Extracted records
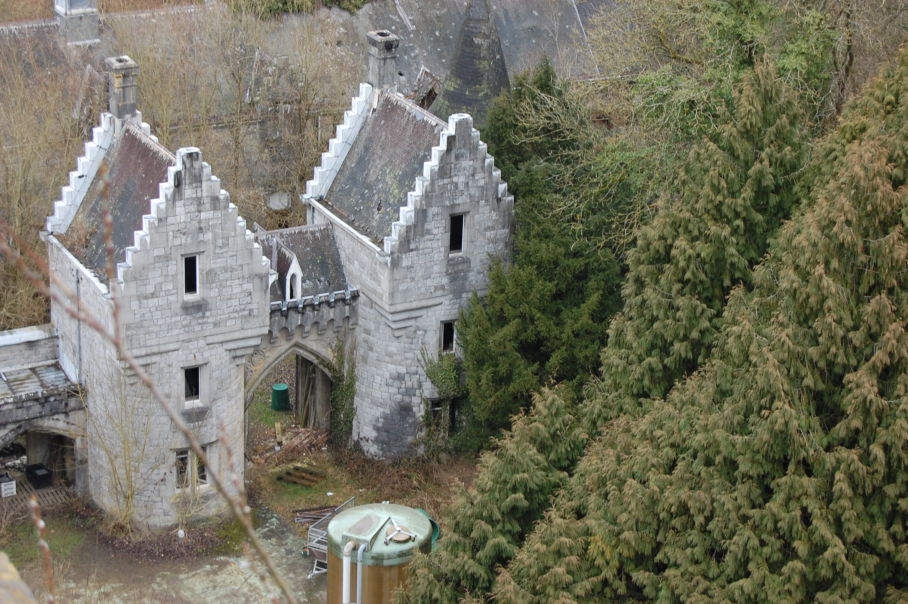 The original gate that you had to enter before you could enter Castle Miranda.
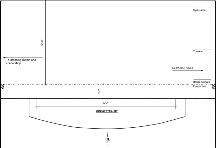 A stage diagram for the J. Everett Collins Center for the Performing Arts in Andover, Massachusetts.
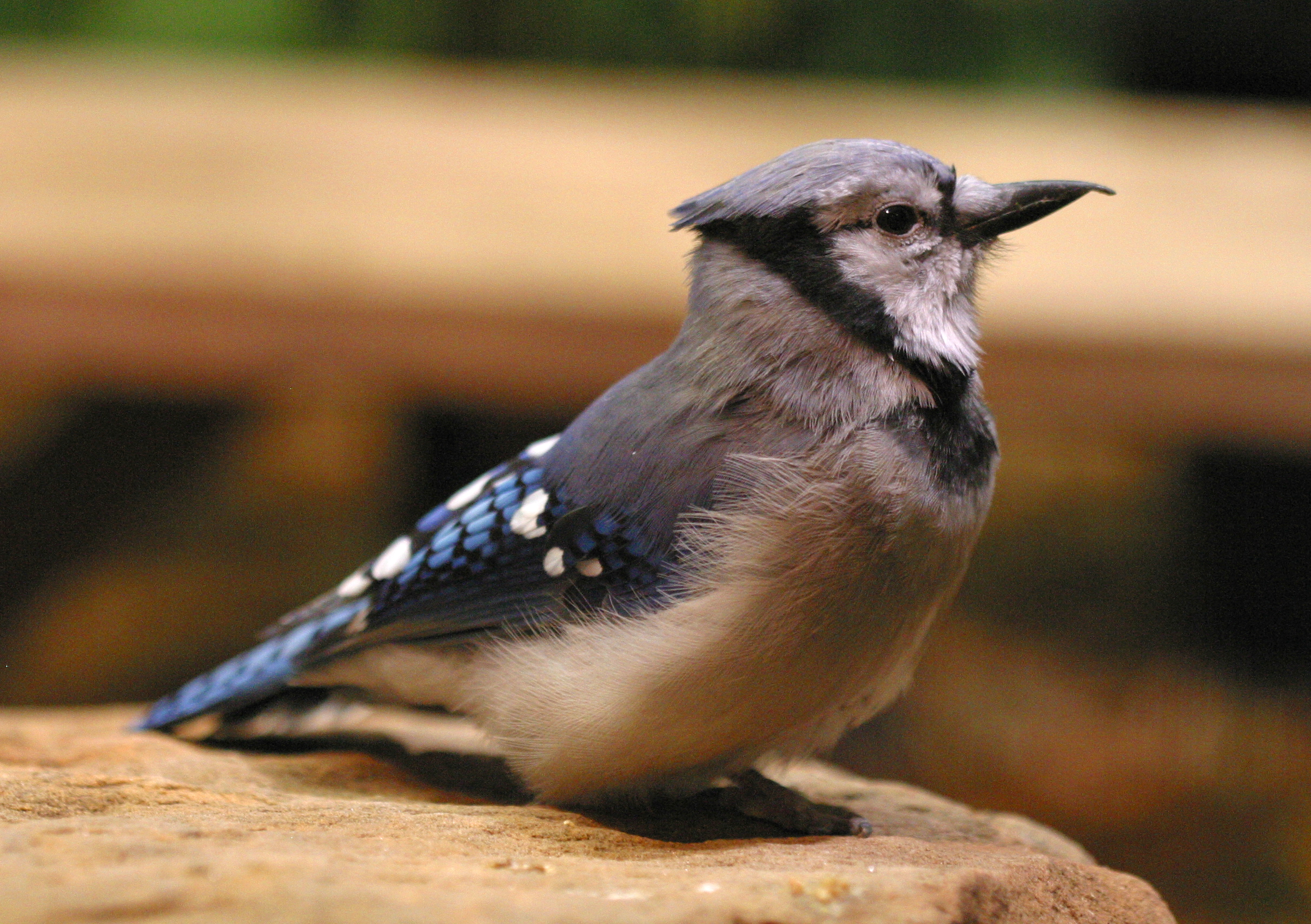 Blue Jay at the National Aviary in April 2007.
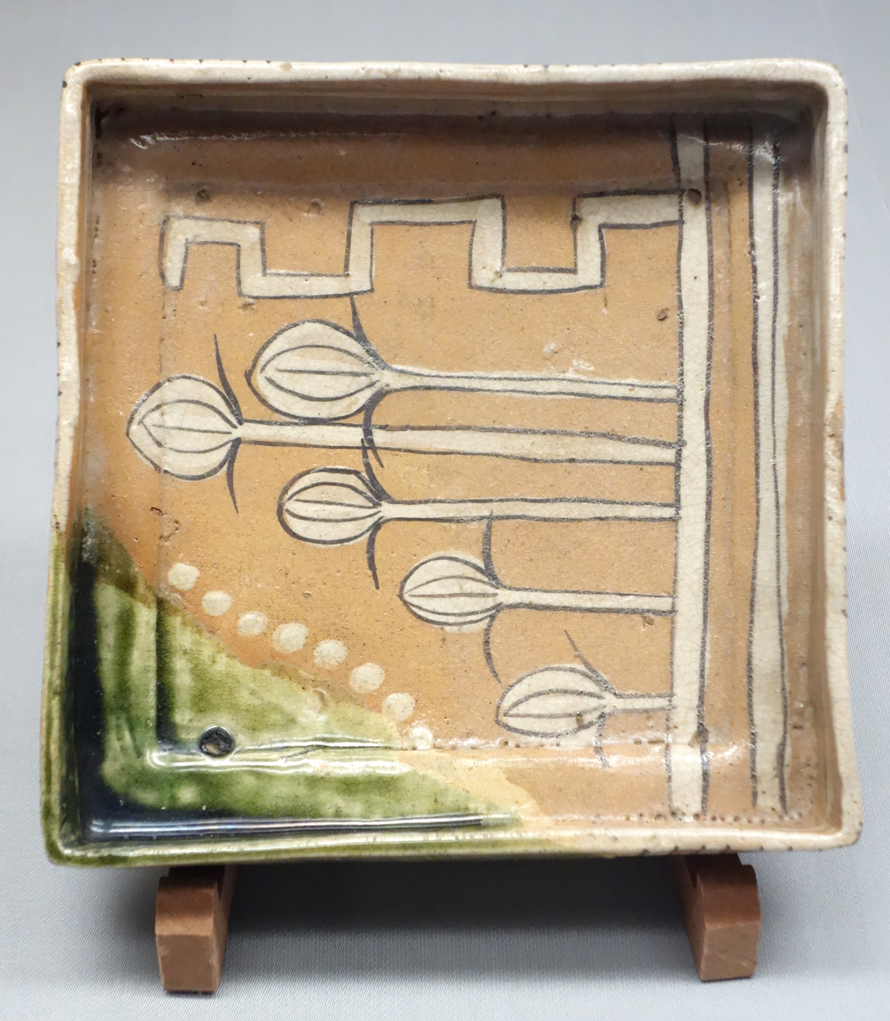 Exhibit in the Tokyo National Museum, Tokyo, Japan. This artwork is old enough so that it is in the public domain.
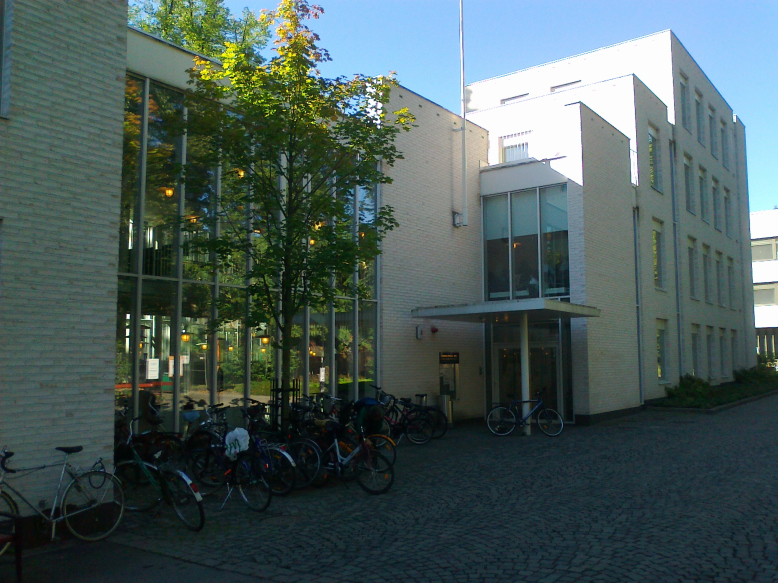 The building of the Swedish School of Social Sciences (Svenska social- och kommunalhögskolan) in Helsinki in 2013. Built in 2009. Design by Juha Leiviskä.

__Task item__: Omit every image. Quote each record exactly.

__Response to this task__:
 The original gate that you had to enter before you could enter Castle Miranda.
 A stage diagram for the J. Everett Collins Center for the Performing Arts in Andover, Massachusetts.
 Blue Jay at the National Aviary in April 2007.
 Exhibit in the Tokyo National Museum, Tokyo, Japan. This artwork is old enough so that it is in the public domain.
 The building of the Swedish School of Social Sciences (Svenska social- och kommunalhögskolan) in Helsinki in 2013. Built in 2009. Design by Juha Leiviskä.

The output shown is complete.